BEGIN

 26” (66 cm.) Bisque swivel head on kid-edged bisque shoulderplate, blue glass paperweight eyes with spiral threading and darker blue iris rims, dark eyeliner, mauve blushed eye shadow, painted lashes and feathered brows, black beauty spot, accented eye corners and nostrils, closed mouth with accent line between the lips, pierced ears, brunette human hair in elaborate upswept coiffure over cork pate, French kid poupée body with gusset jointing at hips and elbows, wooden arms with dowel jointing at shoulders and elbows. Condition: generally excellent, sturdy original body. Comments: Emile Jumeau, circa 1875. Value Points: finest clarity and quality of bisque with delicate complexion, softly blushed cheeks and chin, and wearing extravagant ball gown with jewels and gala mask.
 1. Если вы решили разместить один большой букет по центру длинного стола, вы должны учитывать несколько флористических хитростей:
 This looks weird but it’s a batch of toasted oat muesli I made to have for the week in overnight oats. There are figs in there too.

END
BEGIN

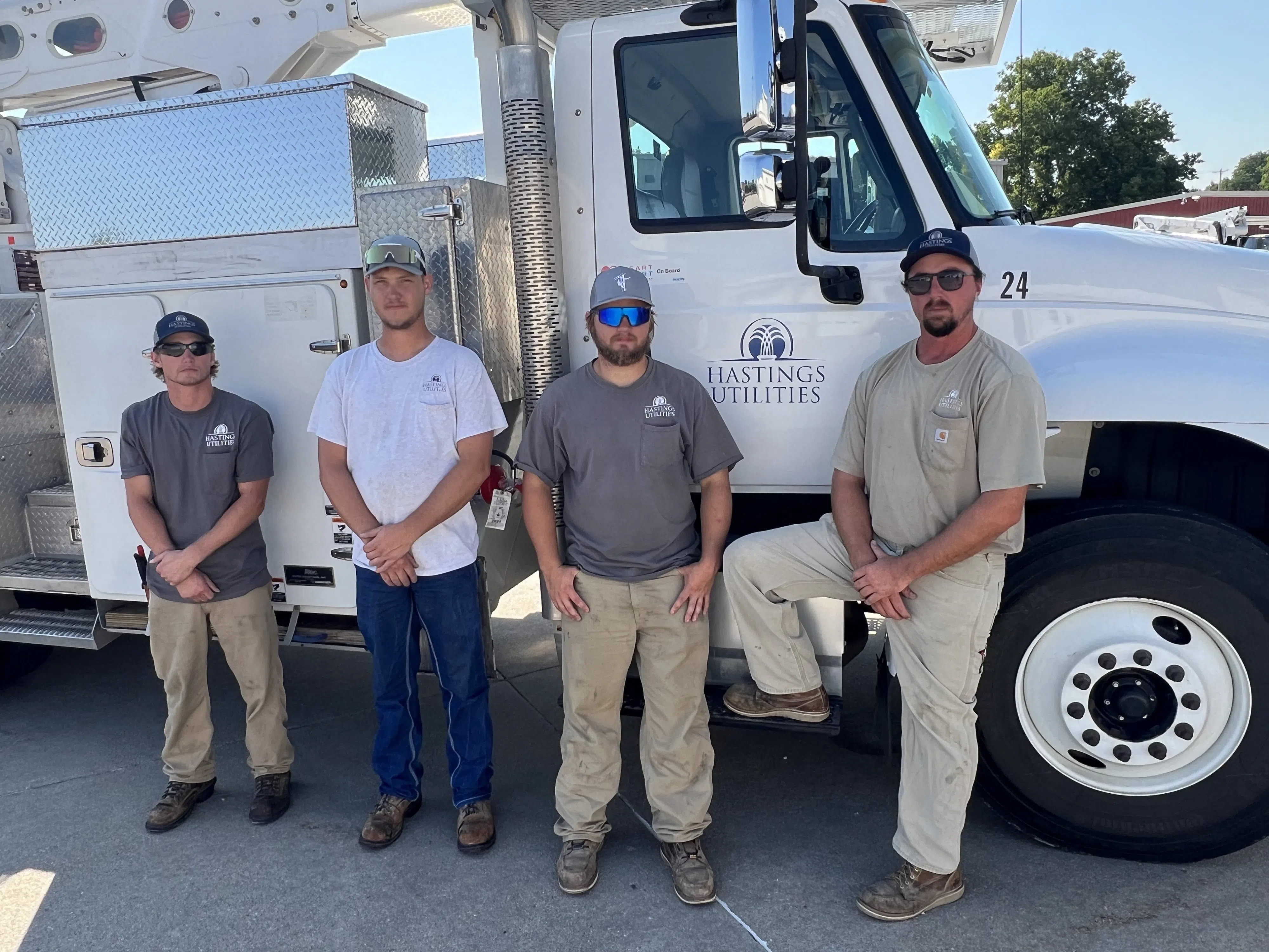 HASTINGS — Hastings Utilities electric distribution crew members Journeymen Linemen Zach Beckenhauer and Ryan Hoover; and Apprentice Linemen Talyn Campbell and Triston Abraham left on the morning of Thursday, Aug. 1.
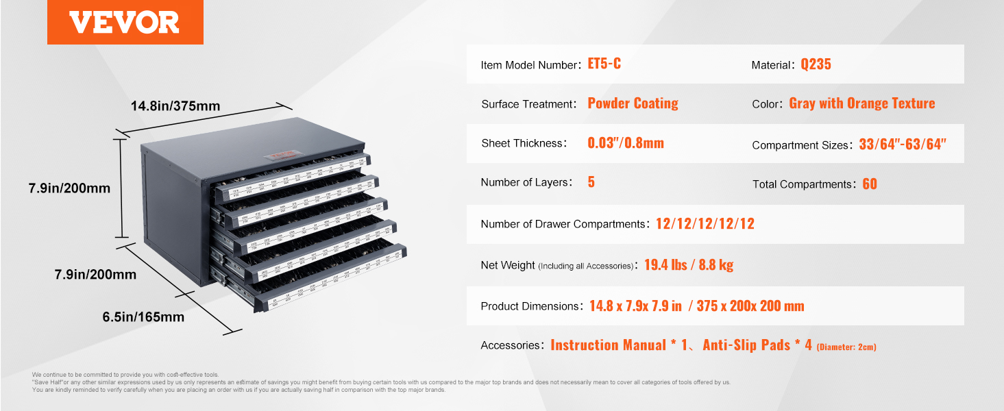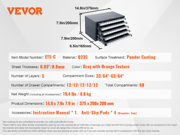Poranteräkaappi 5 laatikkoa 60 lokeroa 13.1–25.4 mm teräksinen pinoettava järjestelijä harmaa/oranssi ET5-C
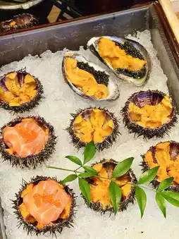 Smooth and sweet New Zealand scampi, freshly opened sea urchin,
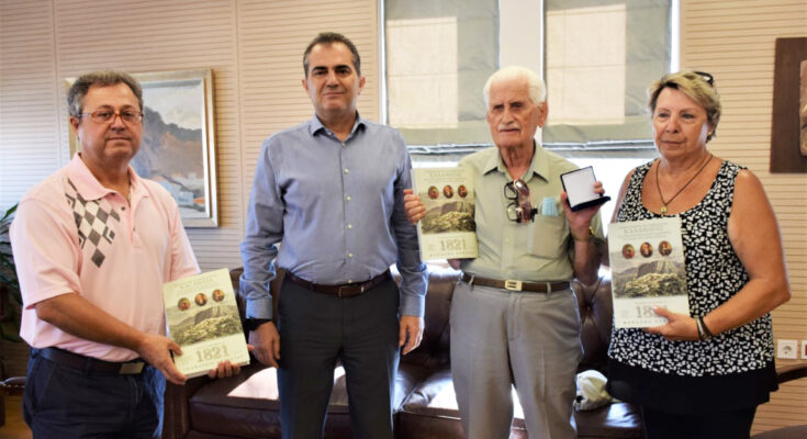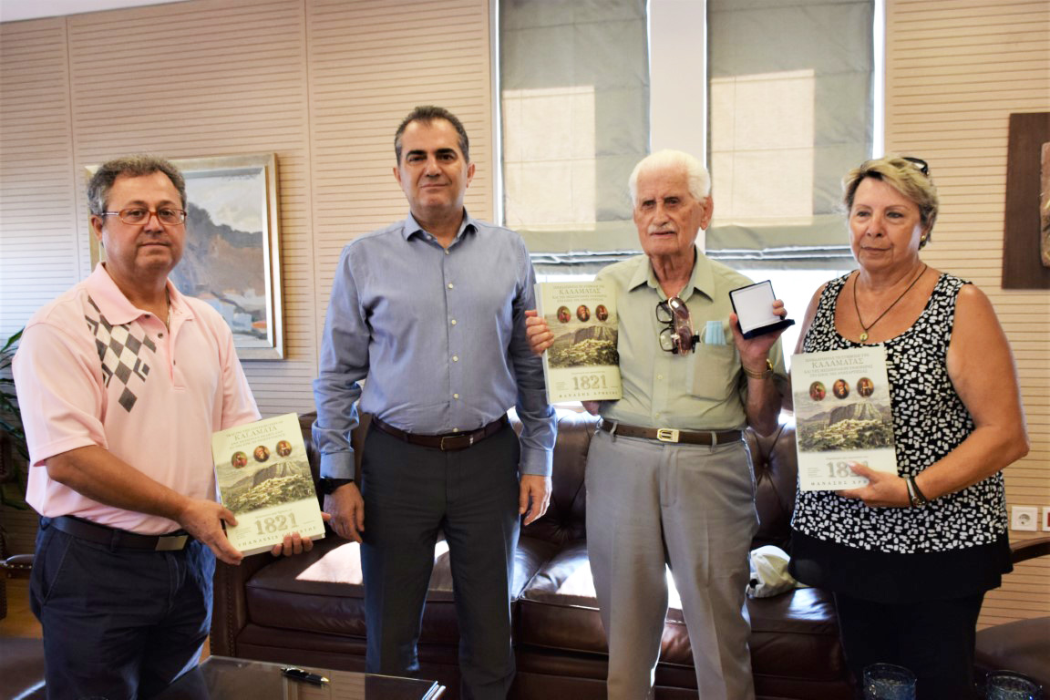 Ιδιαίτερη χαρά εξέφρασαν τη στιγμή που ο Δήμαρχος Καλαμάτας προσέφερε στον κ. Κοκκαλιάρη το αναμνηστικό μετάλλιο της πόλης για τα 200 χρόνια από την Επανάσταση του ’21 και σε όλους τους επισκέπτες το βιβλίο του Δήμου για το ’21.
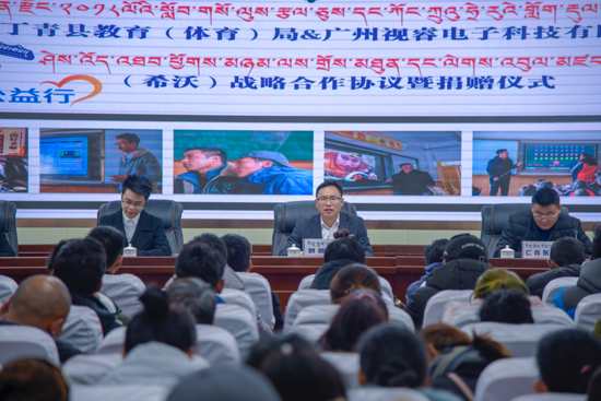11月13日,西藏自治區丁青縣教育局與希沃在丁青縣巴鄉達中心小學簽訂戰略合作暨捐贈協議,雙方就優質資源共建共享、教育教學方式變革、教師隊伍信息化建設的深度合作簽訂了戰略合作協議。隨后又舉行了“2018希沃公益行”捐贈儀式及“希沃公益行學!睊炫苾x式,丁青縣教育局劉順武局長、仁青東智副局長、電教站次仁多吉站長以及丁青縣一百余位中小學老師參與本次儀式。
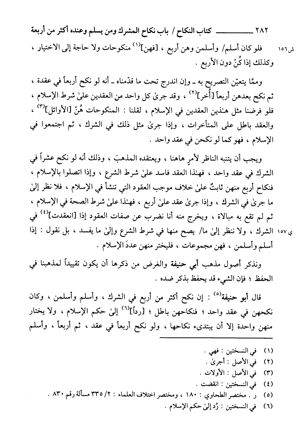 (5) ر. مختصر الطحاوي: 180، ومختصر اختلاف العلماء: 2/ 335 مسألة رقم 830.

END

Using the material above, reproduce only the lines that run from the line with "11月13日,西藏自治區丁青" up to and including the line with "(5) ر. مختصر", exactly, with the pictures dropped.

11月13日,西藏自治區丁青縣教育局與希沃在丁青縣巴鄉達中心小學簽訂戰略合作暨捐贈協議,雙方就優質資源共建共享、教育教學方式變革、教師隊伍信息化建設的深度合作簽訂了戰略合作協議。隨后又舉行了“2018希沃公益行”捐贈儀式及“希沃公益行學!睊炫苾x式,丁青縣教育局劉順武局長、仁青東智副局長、電教站次仁多吉站長以及丁青縣一百余位中小學老師參與本次儀式。
 (5) ر. مختصر الطحاوي: 180، ومختصر اختلاف العلماء: 2/ 335 مسألة رقم 830.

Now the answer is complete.